# Clausing 5912 12" x 36" metal lathe 5900 59xx series - $1500 (Bieber)



## MrWhoopee (Apr 5, 2018)

https://redding.craigslist.org/tls/d/clausingmetal-lathexx-series/6537688456.html


----------



## chips&more (Apr 5, 2018)

It's also on fleabay. Sounds like a big project!


----------



## MAKEITOUTOFWOOD (Apr 5, 2018)

He cut the original variable speed boss off the top of the lathe?


----------



## MrWhoopee (Apr 5, 2018)

MAKEITOUTOFWOOD said:


> He cut the original variable speed boss off the top of the lathe?


Yeah, looks like a nightmare to me. Would be a decent buy before he started the "upgrade".


----------



## chips&more (Apr 5, 2018)

MAKEITOUTOFWOOD said:


> He cut the original variable speed boss off the top of the lathe?

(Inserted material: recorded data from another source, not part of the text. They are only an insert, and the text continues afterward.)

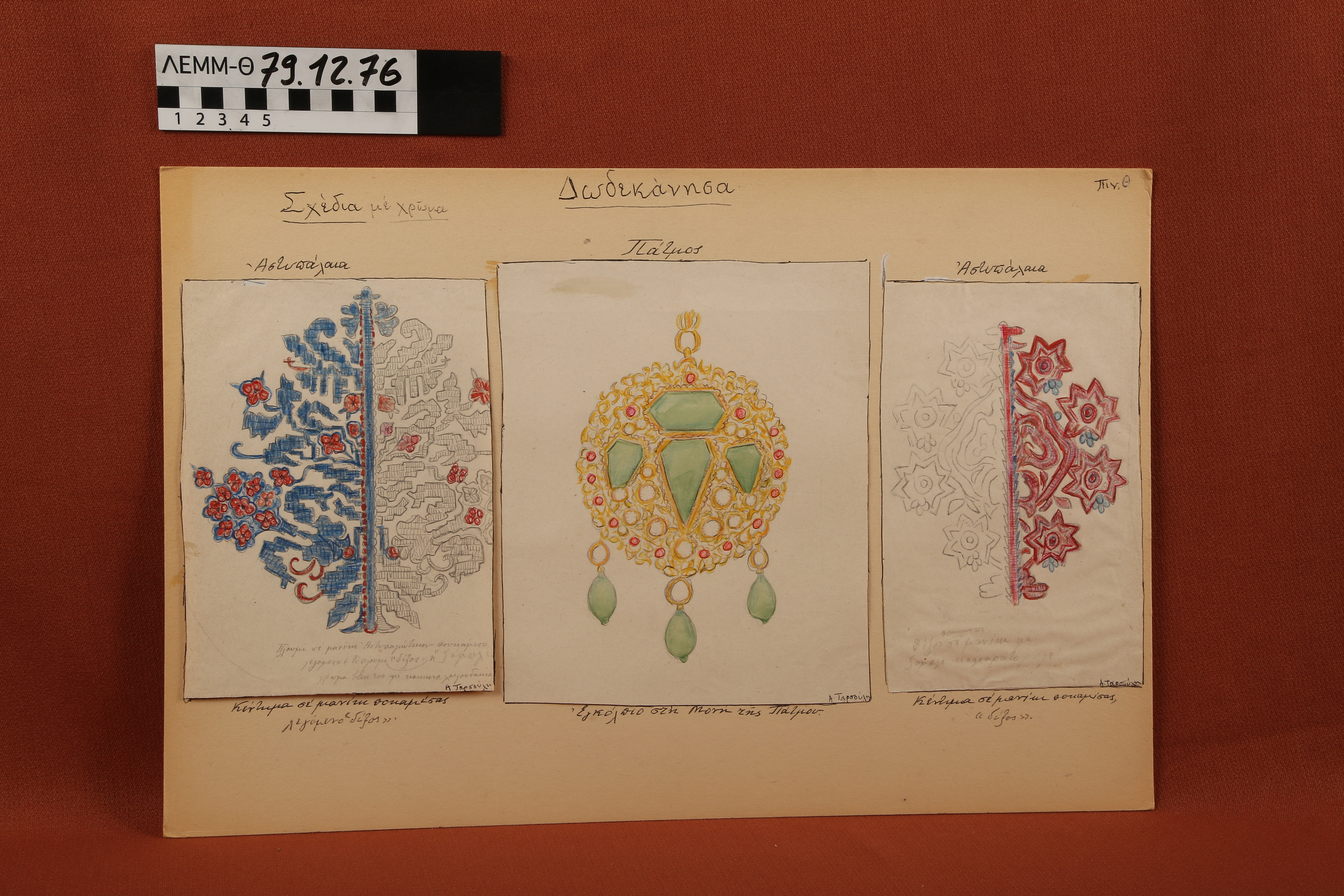 Σχέδια - δύο σχέδια κεντημάτων από την Αστυπάλαια και ένα σχέδιο κοσμήματος (εγκόλπιο) από τη Μονή της Πάτμου
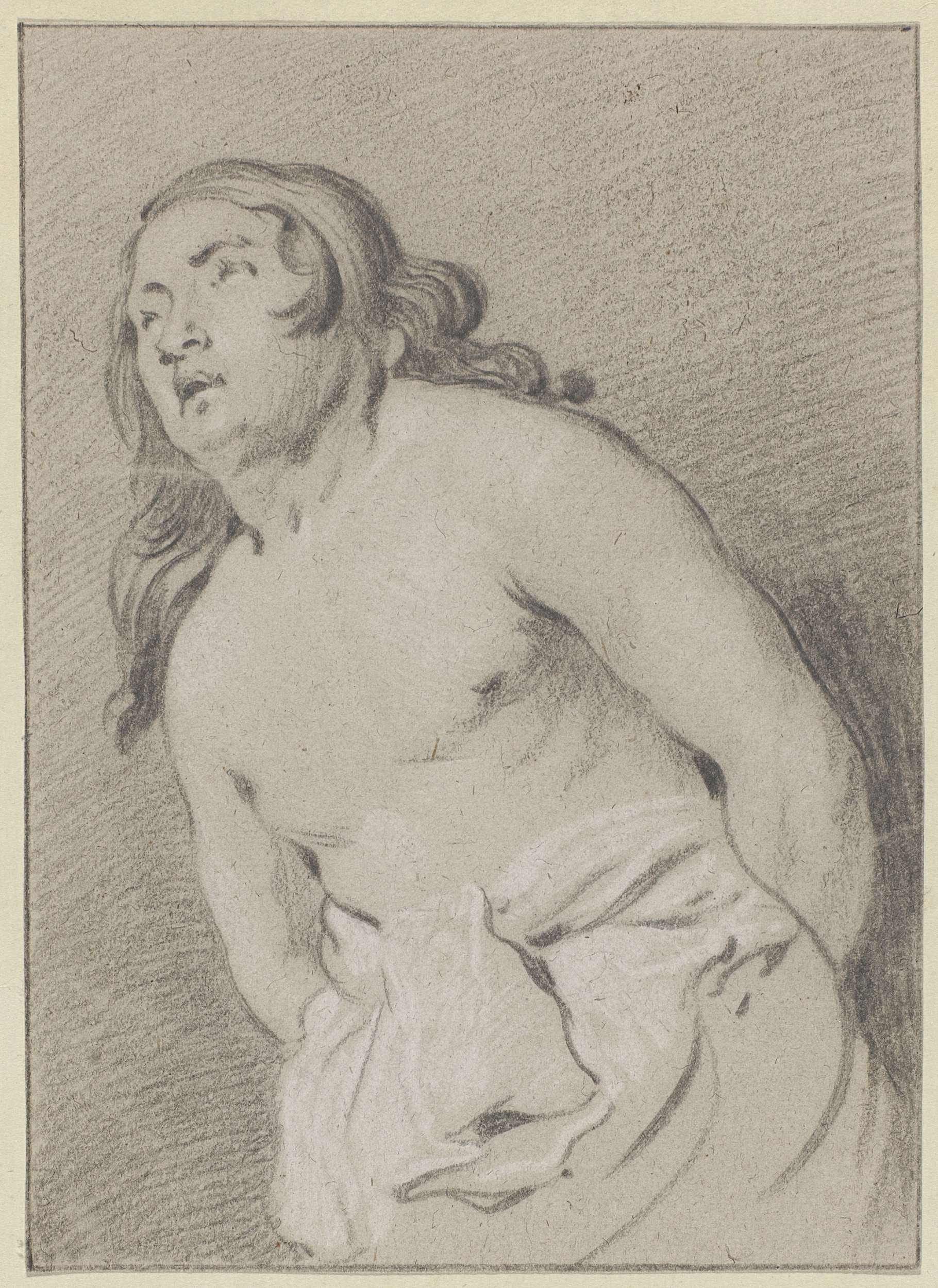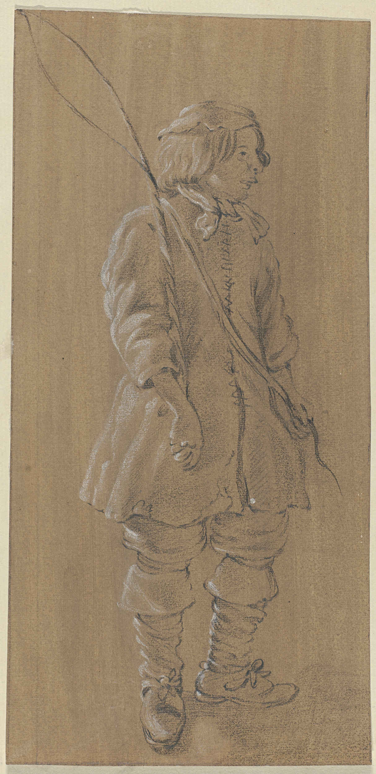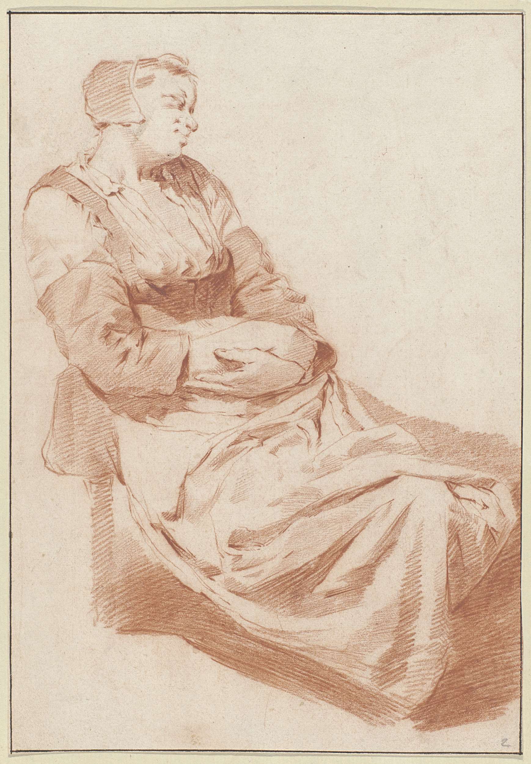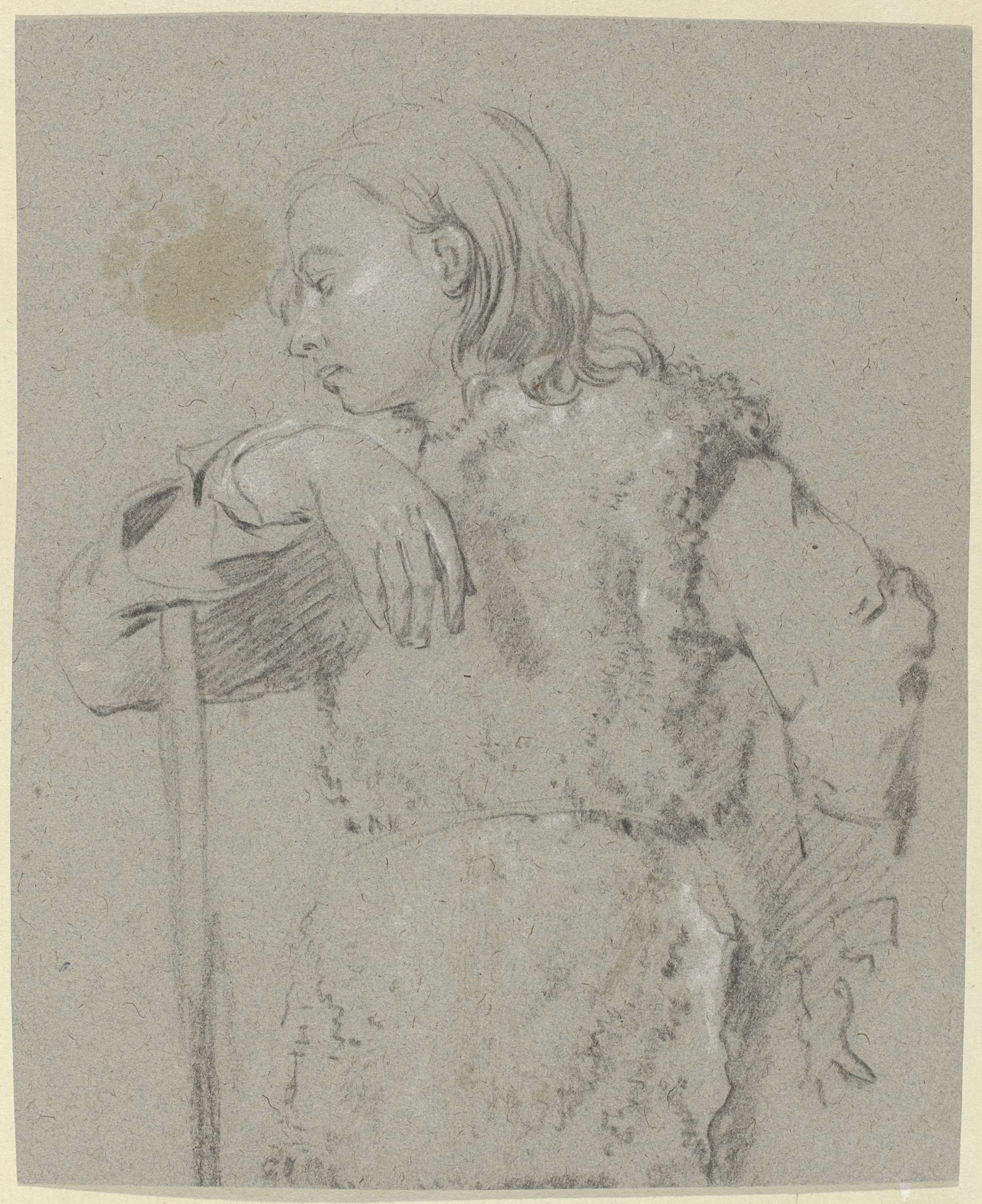 Zittende jongen met opgetrokken been, zijn hoofd op ...
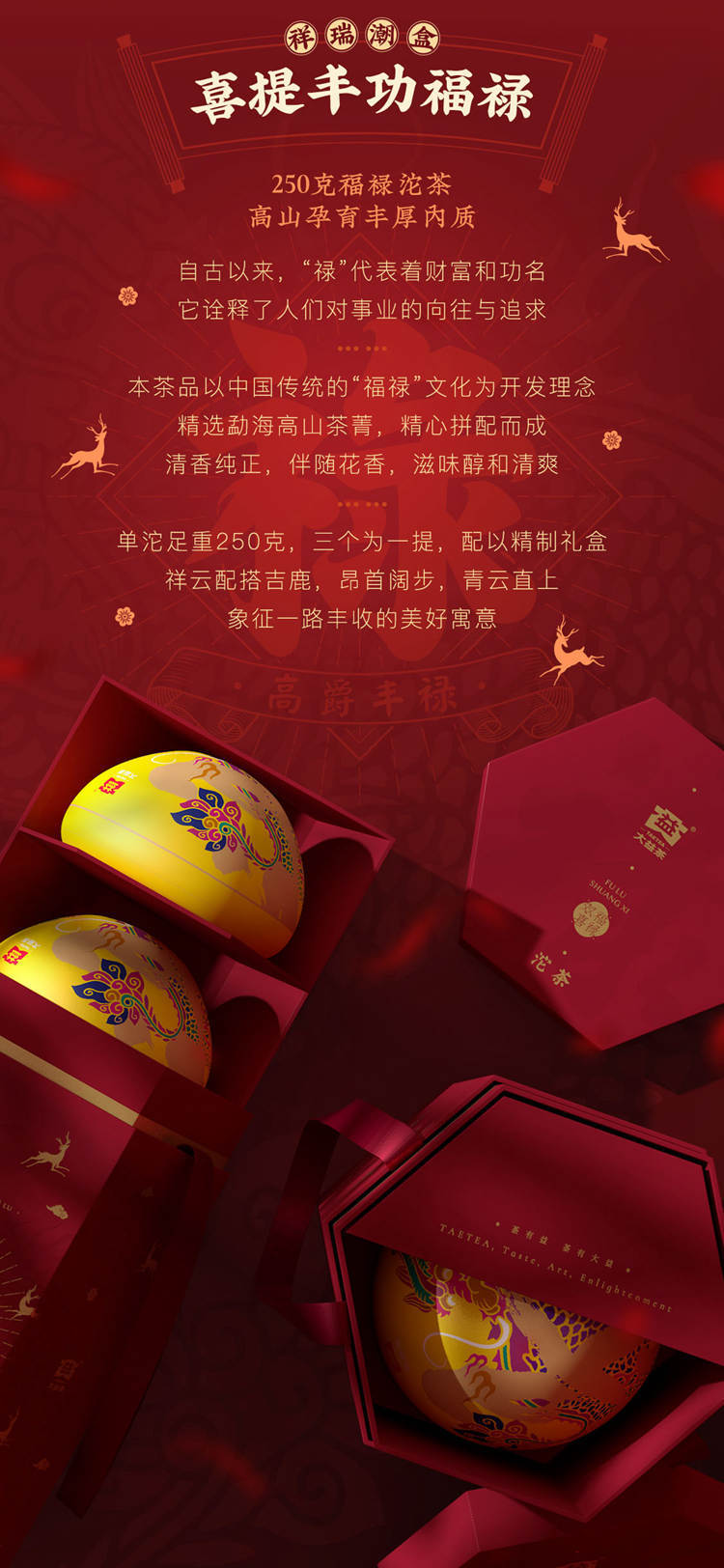 2022年大益 福禄双喜 沱茶生茶 250克*3 礼盒装

That could have made a nice mount for a VFD control box.


----------



## MrWhoopee (Apr 5, 2018)

Much like my approach to upgrades on my '63 VW Crewcab, I'm always looking for an approach that does not compromise the originality or prevent the next owner from doing a completely stock restoration. I'm just the current care-taker, there will be others after me.


----------